Los espaguetis volaban de un lado a otro mientras hacíamos hervir agua y picábamos tomates, mi madre se divertía como nunca, tuvimos que hacer varios cortes al programa ya que en más de una ocasión estábamos atorados de risa, Sam era demasiado chistoso, mamá demasiado nerviosa y yo estaba pensando demasiado en lópez.

Atrás quedaba la cocina, medio destruida, ya estábamos en la mesa, satisfechos de comida y risa, charlábamos tomando una copa de vino tinto que abrió mi mamá, ella nos contaba cosas de su oficina cuando de pronto abrió los ojos, había recordado algo, se paro sacándose la copa de los labios.

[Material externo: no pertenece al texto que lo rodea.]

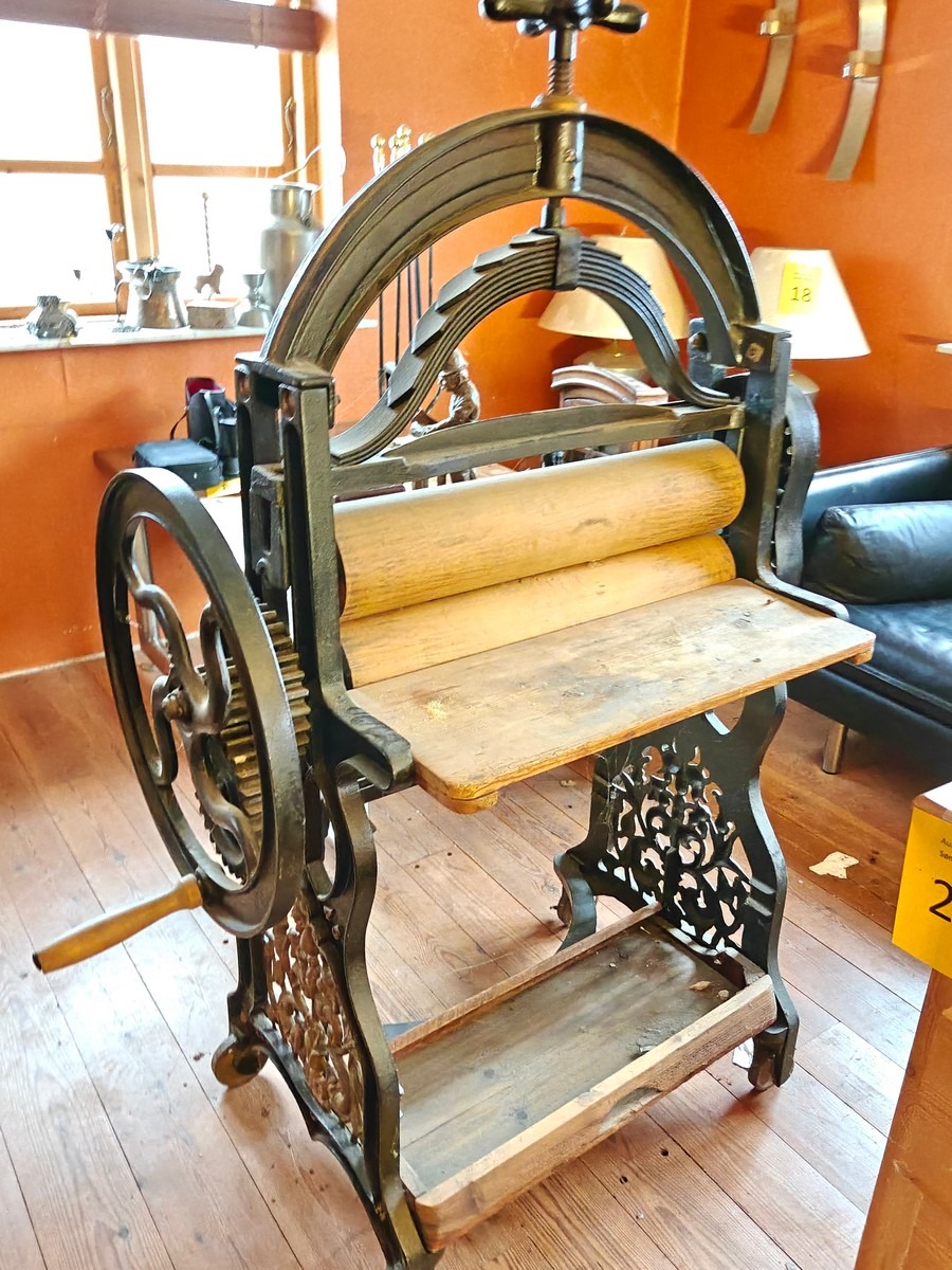 Antik tøjruller. Måler 88 x 60 x 150 cm høj. I ok stand, trænger til rengøring. Fra dødsbo.

- Me olvidé, me olvidé, me olvidé repetía mientras iba y volvía, mira Ro, me lo dieron en el trabajo, había ido por su bolso y sacado de el un sobre, el cual me lo ofrecía con una enorme sonrisa.
- ¿My tip? - Pregunté.
- Ah ah, dijo negando, era un sobre amarillo con un sello rojo a un extremo.
- ¿Por qué no lo abres y te enteras? dijo Sam. Por alguna razón me había quedado inmóvil, mi madre sabía mucho de mi, mis gustos, mis aficiones, pero tenía una corazonada y aunque en muchas ocasiones las he obviado, últimamente estaba siendo más conciente de ellas porque casi siempre, mis corazonadas era certeras.

Abrí el sobre, y dentro había un cartón escrito con letras doradas, era una invitación, “se complace en invitarlo a la exposición estrépito nocturno… López, era él, ¿cómo llegó ésta invitación a mi madre? ¿Acaso sabía lo que había ocurrido? Mientras pensaba Sam me miraba expectante, abrí la boca para hablar y mi madre dijo "me la dejó personalmente" no sé si era el vino o las hierbas de la salsa, pero de pronto la casa dio un giro de 360°.
- Excelente alcance a decir mientras me paraba a buscar un vaso con agua, Sam entendió perfectamente y le siguió el hilo a mi madre para darme tiempo, al minuto volví a la mesa.
- ¿Todo bien cariño? Me preguntó.
- Si contesté, se me atoró un tallarín en la garganta, nada más todo bien, ella rió y siguió...
- ¿Qué te parece, vamos juntos? La miré, Sam me miró y contesté.
- claro ¿por qué no?
Esa noche en silencio, en mi habitación, mientras miraba el techo, me preguntaba que diablos había hecho López, cómo hizo para que en tan poco tiempo me sintiera así, celoso de mi propia madre ¿habría razón para sentirme así?